-- Source material follows --

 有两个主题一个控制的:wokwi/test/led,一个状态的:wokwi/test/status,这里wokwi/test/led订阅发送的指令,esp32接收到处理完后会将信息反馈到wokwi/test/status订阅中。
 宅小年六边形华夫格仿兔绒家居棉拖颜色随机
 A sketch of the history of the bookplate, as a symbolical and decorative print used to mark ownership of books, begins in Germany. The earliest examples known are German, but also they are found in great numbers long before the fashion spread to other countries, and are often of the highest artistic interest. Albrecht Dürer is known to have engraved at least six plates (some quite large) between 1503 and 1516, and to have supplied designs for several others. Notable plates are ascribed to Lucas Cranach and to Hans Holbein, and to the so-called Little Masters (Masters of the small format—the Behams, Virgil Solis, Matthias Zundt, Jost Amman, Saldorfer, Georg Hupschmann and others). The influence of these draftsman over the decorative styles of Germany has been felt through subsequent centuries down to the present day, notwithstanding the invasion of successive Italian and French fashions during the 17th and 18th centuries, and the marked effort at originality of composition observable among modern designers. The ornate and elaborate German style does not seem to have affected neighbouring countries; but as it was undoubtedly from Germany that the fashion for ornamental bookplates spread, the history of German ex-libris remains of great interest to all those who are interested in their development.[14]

-- Source material concluded --
-- Source material follows --

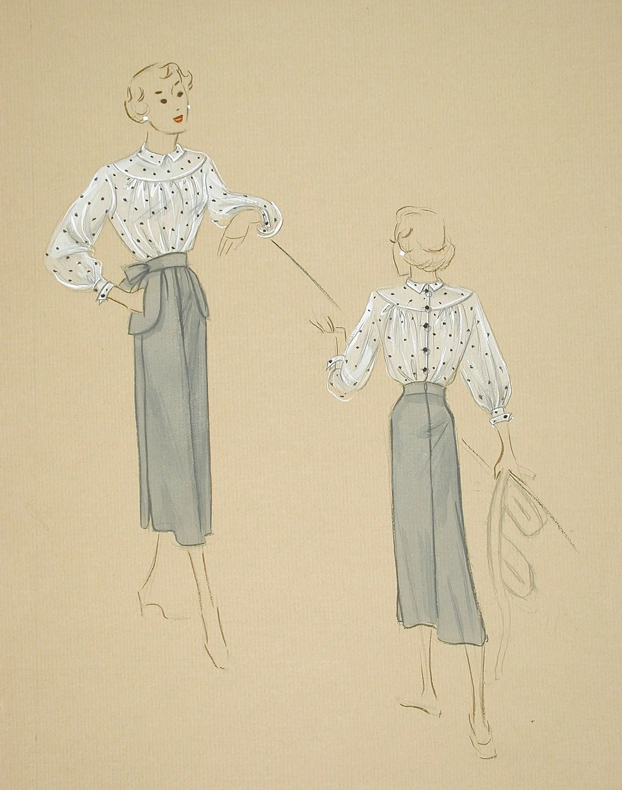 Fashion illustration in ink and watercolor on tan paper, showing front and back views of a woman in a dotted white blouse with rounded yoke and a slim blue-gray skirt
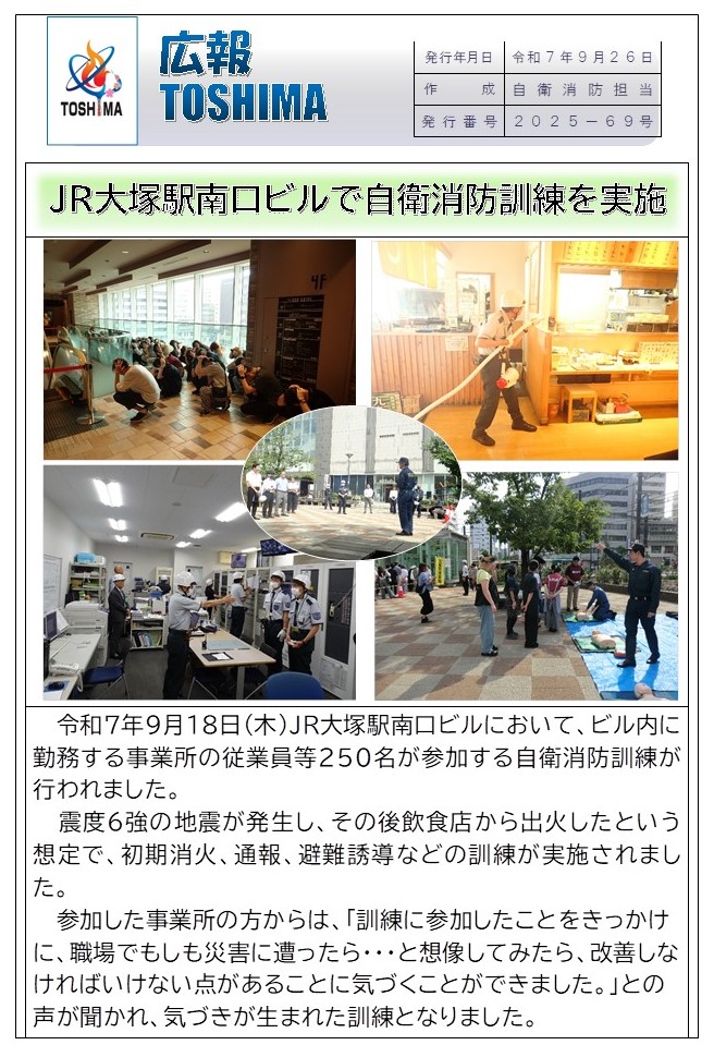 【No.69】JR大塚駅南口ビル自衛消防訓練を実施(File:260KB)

-- Source material concluded --

What is required
From the records above, reproduce exactly the lines from the one with "有两个主题一个控制的:wok" to the one with "A sketch of", both included, and no others.

Answer area
 有两个主题一个控制的:wokwi/test/led,一个状态的:wokwi/test/status,这里wokwi/test/led订阅发送的指令,esp32接收到处理完后会将信息反馈到wokwi/test/status订阅中。
 宅小年六边形华夫格仿兔绒家居棉拖颜色随机
 A sketch of the history of the bookplate, as a symbolical and decorative print used to mark ownership of books, begins in Germany. The earliest examples known are German, but also they are found in great numbers long before the fashion spread to other countries, and are often of the highest artistic interest. Albrecht Dürer is known to have engraved at least six plates (some quite large) between 1503 and 1516, and to have supplied designs for several others. Notable plates are ascribed to Lucas Cranach and to Hans Holbein, and to the so-called Little Masters (Masters of the small format—the Behams, Virgil Solis, Matthias Zundt, Jost Amman, Saldorfer, Georg Hupschmann and others). The influence of these draftsman over the decorative styles of Germany has been felt through subsequent centuries down to the present day, notwithstanding the invasion of successive Italian and French fashions during the 17th and 18th centuries, and the marked effort at originality of composition observable among modern designers. The ornate and elaborate German style does not seem to have affected neighbouring countries; but as it was undoubtedly from Germany that the fashion for ornamental bookplates spread, the history of German ex-libris remains of great interest to all those who are interested in their development.[14]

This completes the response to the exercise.